Its been a long week and my mental arithmetic deteriorates almost as fast as my spelin thanks to AI but is the above calculation a hallucination ?

Alberto Romero's avatar

You are right, I checked them and I mixed two different ways of measuring hallucinations without thinking twice haha it's *obviously* wrong. Will fix now - thanks!

Alberto Romero's avatar

Why? It's copied from the blog post/system card. Didn't check it tbh, expect they did it correctly lol

brodrick justice's avatar

GPT5 still fails our random number test: https://chatbar-ai.com/?asi=Is%20it%20true%20that%20most%20AI%20models%20cannot%20correctly%20generate%20a%20random%20number%3F

We have also identified cases where it hallucinates horribly.
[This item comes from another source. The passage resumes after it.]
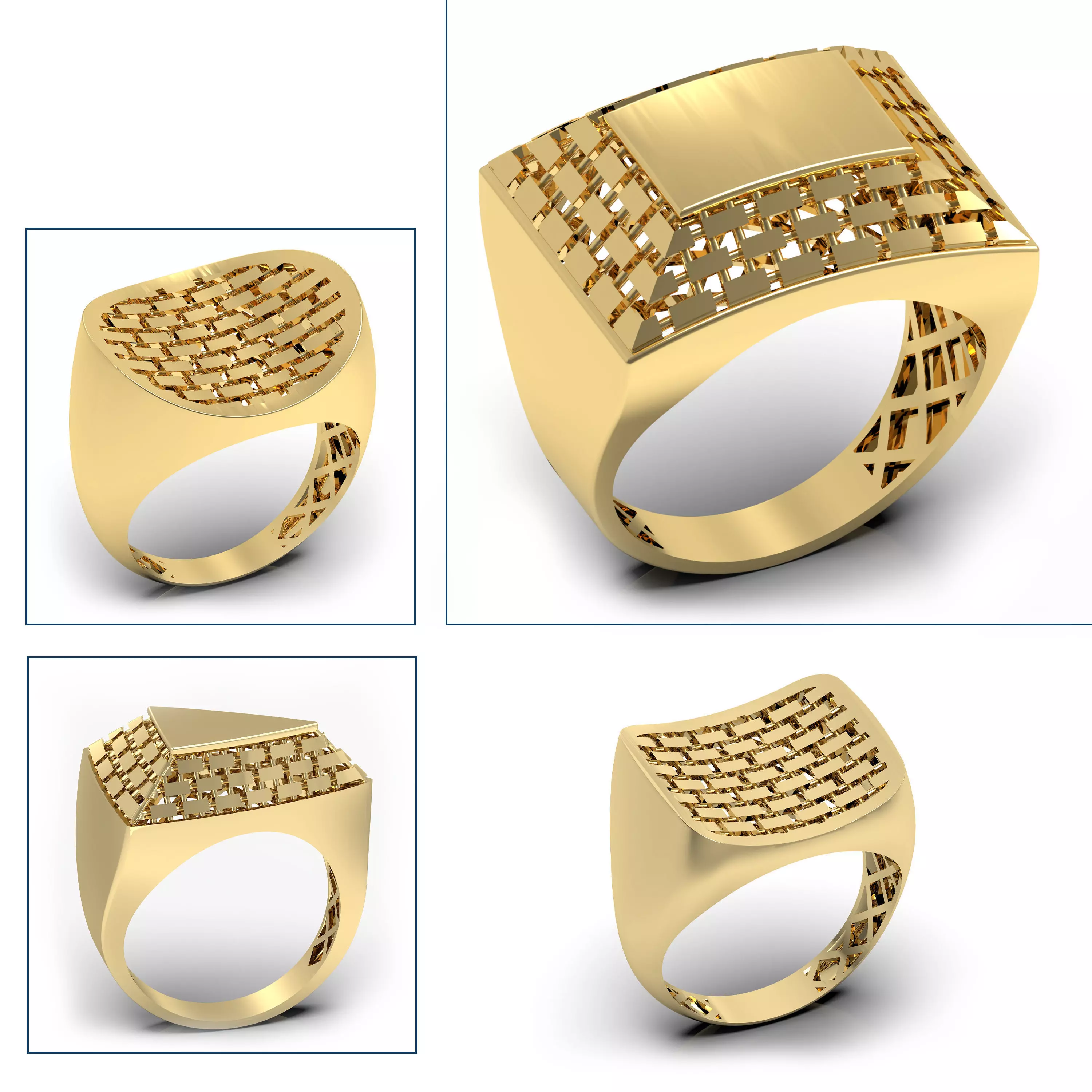 Brick Pattern Women's Ring Collection – Set of 4This collection includes four stone-free women's rings, each featuring a delicate brick-inspired surface pattern in geometric forms: rectangle, oval, triangle, and cushion.The models are bold yet lightweight and minimal, designed for direct casting.Ring size: EU 56Ring size: US 7.5Average weight: 5 g eachShell thickness: 0.4 mm

We are currently investgating if its a general pronlem.

Alberto Romero's avatar

What is that link? It's not GPT-5?

brodrick justice's avatar

its a link to our website explaining the observation. direct link here if you prefer https://business-landing.com/blog/81-chinese-ai-models-ai-commentators-confused

Anu | Happy Landings's avatar

Just tried it out using older versions of ChatGPT and Claude. You’re right - ChatGPT gave me 37 and Claude 27.

Fire & Algebra's avatar

I love the perspective of ‘raising the floor.’ It’s a very simple idea to digest. But from what I have found, it may lie less frequently, but it does it more confidently. To me that is far more dangerous than 20% obviously wrong (or qualified) outputs.

Alberto Romero's avatar

Yeah, there's work to do there still...

Syntax Aegis's avatar

Agreed. Calling GPT-5 a “flop” because it isn’t AGI is like calling a Formula 1 car a failure because it can’t fly. Scaling alone was never going to get us to general intelligence, the research community has been saying that for years, but that doesn’t make GPT-5 insignificant. It’s the most capable LLM yet, with real improvements in reasoning, multimodal handling, and usability, even if it still stumbles in edge cases.

brodrick justice's avatar

Just to follow up on this, we can no longer replicate the high hallucination rate we initially saw with gpt-5-chat-latest. We have no explanation for why they occurred and have decided to drop any further analysis.

GPT-5 can however be made to hallucinate in a similar manner to previous models, eg as we note in our attention seeking linkedin post here: https://www.linkedin.com/feed/update/urn:li:activity:7361126274888622080/?actorCompanyId=105298889

Shaeda's avatar

It's also a huge cost-saving exercise for OAI: If they've realised they can get performance improvements purely through spending more tokens on thinking, this is paid for by the user and not OAI.

Can I ask a Q: What's going on with the o3 hallucination/error rates? I thought this was OAI's joint-leading model? I'm kind of speechless at seeing how bad it performs on these graphs.

Anatol Wegner, PhD's avatar

The whole reduced hallucination rate claim is hard to take seriously since by definition it all depends on what you ask the model. And even at 5% (the lowest value OpenAI reports for GPT5 models) you are almost guaranteed to end up with hallucinations in any long interactions.

Alberto Romero's avatar

What do you mean "depends on what you ask the model"? That's the idea of doing benchmarks, to draw a statistical conclusion about how often the model fails on similar questions. If it's 0% you can be sure it's a damn factual model *overall*.

Anatol Wegner, PhD's avatar

There simply is a difference between asking a model "What is the capital of France?", to solve a mathematical equation or asking it a serious technical question. As for benchmarks, in practice the chance that the question you ask the model is similar to the ones in a certain benchmark is quite low and hallucination rate will vary wildly depending on the type of question you ask as can been seen for instance by looking at the GPT5 systems card, where the hallucination scores range from 0.6% (LongFact-Concepts) all the way to 54% (HealthBench hard).

Alberto Romero's avatar

Of course, we want hallucinations on *all benchmarks* to go down not one benchmark

Anatol Wegner, PhD's avatar

Well that's quite a tall order...

Alberto Romero's avatar

It is, that's why companies won't try harder but they should

Anatol Wegner, PhD's avatar

If 10s of billions of $$ were not enough there are probably limits to what can be done with LLMs/probabilistic generative models.